- VHS video cassette cover
- Written by: Mark Pirro
- Produced by: Mark Pirro
- Starring: Deborah Stern; Tony Cicchetti; Rachel Latt; Braddon Mendelson; Jim Bruce; Barbara Dow; Heather McPherson; Peter Napoles; Steve Wilcox; Juan Tanamera; Forrest J. Ackerman; Dave Robinson;
- Music by: Gregg Gross; Mark Pirro; Joyce Mordoh;
- Distributed by: Artistic License Video
- Release date: 1991;
- Running time: 90 minutes
- Country: United States
- Language: English
- Budget: $35,000

= Nudist Colony of the Dead =

Nudist Colony of the Dead is a 1991 horror comedy musical film written and directed by Mark Pirro (who has also worked under the names Marky Dolittle and Marky Elfman). The film was shot on Super-8 film and produced on a budget of $35,000.

In the film, a group of nudists is forced off their land by religious zealots, and then commits mass suicide. Five years later, the nudists rise from the grave and seek revenge against the religious bigots.

== Storyline ==
"Sunny Buttocks Nudist Colony" is shut down by Judge Rhinehole and his band of religious zealots for offending the local community. The nudists decide to protest by entering into a suicide pact, vowing to return one day to terrorize the people who took over their land.
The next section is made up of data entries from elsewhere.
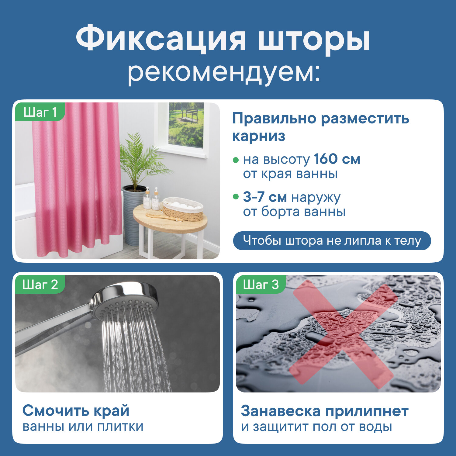 | Материал шторы | EVA / PEVA / полиэстер / полиэтилен |
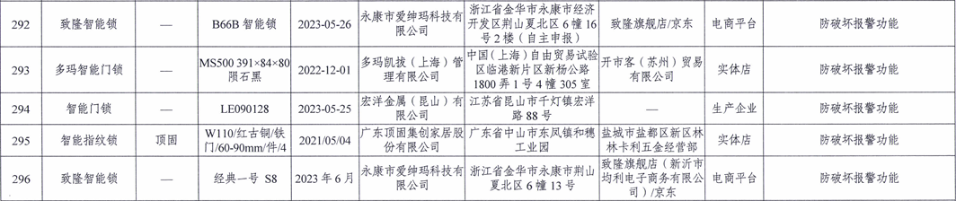 5批次不合格智能鎖產(chǎn)品具體為:
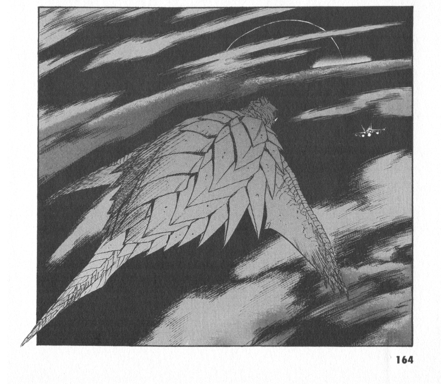 The detail of the combat sequences in this volume are also absolutely phenomenal. Kondo illustrates fantastic battles between not just our titular monsters, but the fights between Barugon and the self-defense forces are engagingly action packed. Most of the combat we see in this book is a well balanced mixture of Barugon fighting off the incredibly detailed and well drawn military craft that look anything but generic and the war the spined lizard wages with Gamera. To make it more of an enticing visual spectacle, we even get a fantastic introduction of Gamera’s final form in an absolutely brutal but breathtaking collection of panels where Gyaos appears to hunt fighter jets and is mercilessly taken down by our beloved friend to all children with Gamera’s bare teeth.
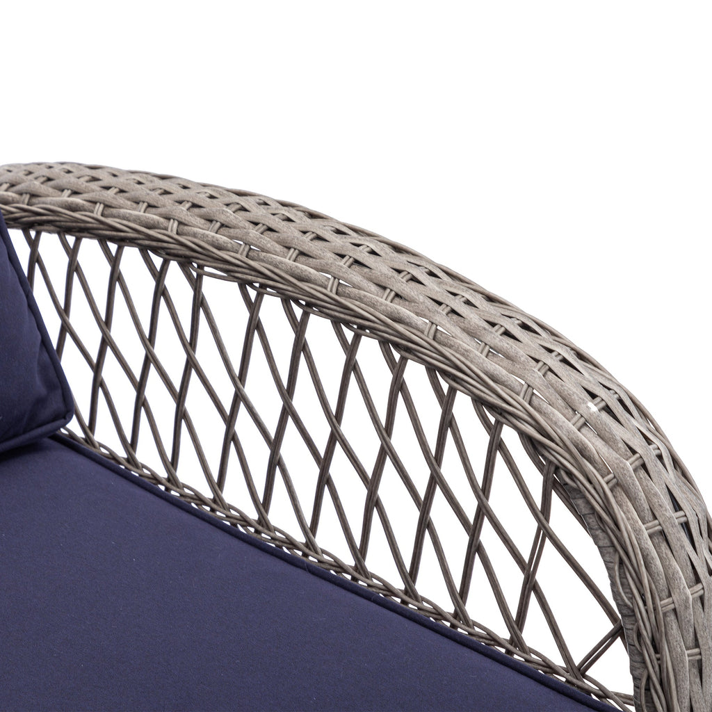 Grey coated heavy steel frame has the characteristics of stability and strong load-bearing capacity up to 330lbs.All-weather round wicker withstands the elements. The cushion adopt good fabric, filled with high-density sponge for high resilience, comfortable and durable, removable and washable.

Five years later, a bunch of kids are sent to the ex-nudist colony, which has now been transformed into a religious retreat. True to their promise, the nudist corpses rise from the grave, seek revenge on the zealots who condemned them, and sing big production numbers as the campers begin to experience an attrition problem.

== Cast ==
- Deborah Stern as Shelly Mammarosa
- Tony Cicchetti as Art Shoe
- Rachel Latt as Mrs. Druple
- Braddon Mendelson as Peter Trickle
- Jim Bruce as Billy McRighteous
- Barbara Dow as Mrs. Mammarosa
- Heather McPherson as Fanny Wype
- Peter Napoles as Juan Tu
- Steve Wilcox as Lou Jobee
- Juan Tanamera as Gus Unteide
- Forrest J. Ackerman as Judge Rhinehole
- Dave Robinson as Reverend Ritz

== Production ==
Nudist Colony of the Dead was shot in Sacramento, California.

== Reception ==
Writing in The Zombie Movie Encyclopedia, academic Peter Dendle said, "[T]his amateur summer-camp slasher spoof isn't as wacky as it thinks it is".